Derive the inequality $x<\arcsin \left(x\right)<\frac{x}{\sqrt{1-x^2}}$ I found that I could do this with the Mean Value theorem and also found a similar question here in the stackexchange and Socratic but couldn't solve the right hand side of the inequality.
I figured that by specifically choosing the function and the interval (combinations of the given question) we could prove that. But  I am lost tin selecting the appropriate function.
Can you guys please suggest some ideas and also some example sums where I could check these kind of sums.
Thanks
 A: Let $f(x)=x-\sin^{-1} x \implies f'(x)=1-\frac{1}{\sqrt{1-x^2}}=\frac{\sqrt{1-x^2}-1}{\sqrt{1-x^2}}<0$
So $f(x)$ is a decreasing function.
$$x\ge 0 \implies f(x)\le f(0) \implies f(x)\le 0$$
Next, we take $g(x)=\sin^{-1} x-\frac{x}{\sqrt{1-x^2}} \implies g'(x)=\frac{-x^2}{\sqrt{1-x^2}}<0.$
So $g(x)$ is decreasing function, then
$$ x \ge 0 \implies g(x)\le g(0)=0 \implies 
\sin^{-1}x \le \frac{x}{\sqrt{1-x^2}}.$$
A: For $|x|<1$,
$$1<\frac1{\sqrt{1-x^2}}<\frac1{(1-x^2)^{3/2}}$$ seems obvious. Then by integration between $0$ and $x$ you get the claimed inequalities.
A: This is pretty standard property of $\arcsin$ which is equivalent to the more famous inequality $\sin x <x<\tan x$ for $x\in(0, \pi/2)$.
A direct proof can be given by noting that if $x\in(0,1)$ and $t\in(0,x)$ then $$1<\frac{1}{\sqrt{1-t^2}}<\frac{1}{\sqrt{1-x^2}}$$ integrating the above with respect to $t$ on interval $[0,x]$ we get $$x<\arcsin x<\frac{x} {\sqrt{1-x^2}}$$ for all $x\in(0,1)$.
You can avoid integrals and achieve the same result via mean value theorem.
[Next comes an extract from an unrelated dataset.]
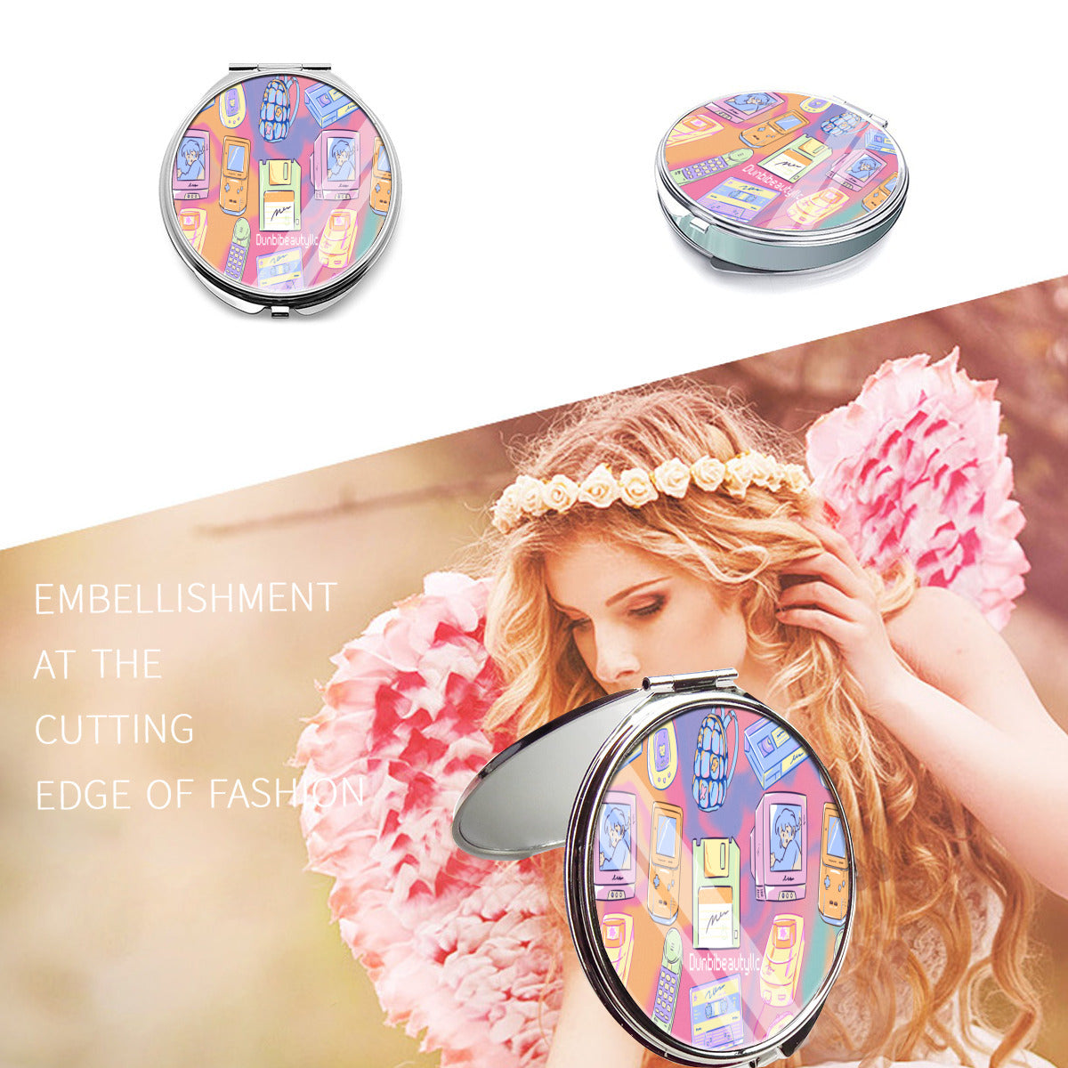 Portable Cosmetic Mirror|Stainless Steel -Kawaii, Retro, Anime, 90's Themed, Sherbet Colors, Pastel (Designed by Dunbi)

If $x\in(0,1)$ then by mean value theorem we have $$\arcsin x=\arcsin x - \arcsin 0=\frac {x}{\sqrt{1-c^2}}$$ for some $c\in(0,x)$. But then we can obviously see that $$1<\frac{1}{\sqrt{1-c^2}}<\frac{1}{\sqrt{1-x^2}}$$ Multiplying by positive $x$ we get $$x<\arcsin x<\frac{x} {\sqrt{1-x^2}}$$